Through a newspaper crossword puzzle competition, a young woman named Joan Clarke, played pristinely by Keira Knightley  comes aboard the project, and goes on to have a close relationship with Turing, despite the fact that he's a homosexual.

The film skip seamlessly skips back and forth from wartime to the investigation of Turing in the '50s (even including some flashbacks within flashbacks of when our protagonist was a school boy), even making space for some WWII footage (maybe its most unnecessary element - I mean, we have the History Channel for that), with a very pleasing pace. 

Many have pointed out that this film, which is based on Andrew Hodges' 1992 biography “Alan Turing: The Enigma,” takes a lot of liberties with the facts concerning what really went down at Bletchley Park.

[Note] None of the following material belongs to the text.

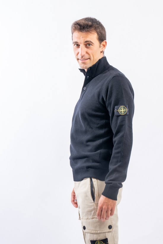 Rivisitazione della maglia Iconica in lambswool con bottoni e zip. Arricchita con inserto in feltro e bottoni logati. Collo, fondo e polsini a costine. Intarsio sul giromanica per un fit ottimale. Must have!

I.e. the real life Turing didn't singlehandedly invent and build the machine that broke the code, he didn't name the machine Christopher after his first lover, the police didn't uncover Turing's homosexuality while investigating him for being a possible Soviet spy, Turing didn't have any contact with the actual Soviet spy John Cairncross (played by Leech) who's depicted in the film as threatening to expose Turing's homosexuality if he blows his cover, and Turing wasn't a cold humorless robot who wouldn't understand an invitation to lunch.

But despite these fabrications, or possibly because of them, the film is a rousing experience with a compelling narrative drive. Graham Moore's elegantly written screenplay makes the biopic formula feel fresh again, and power and passion that Tyldum brings to telling Turing's noble story can be felt in every frame. So much so that its abundance of inaccuracies can be forgiven as conventions created for dramatic effect.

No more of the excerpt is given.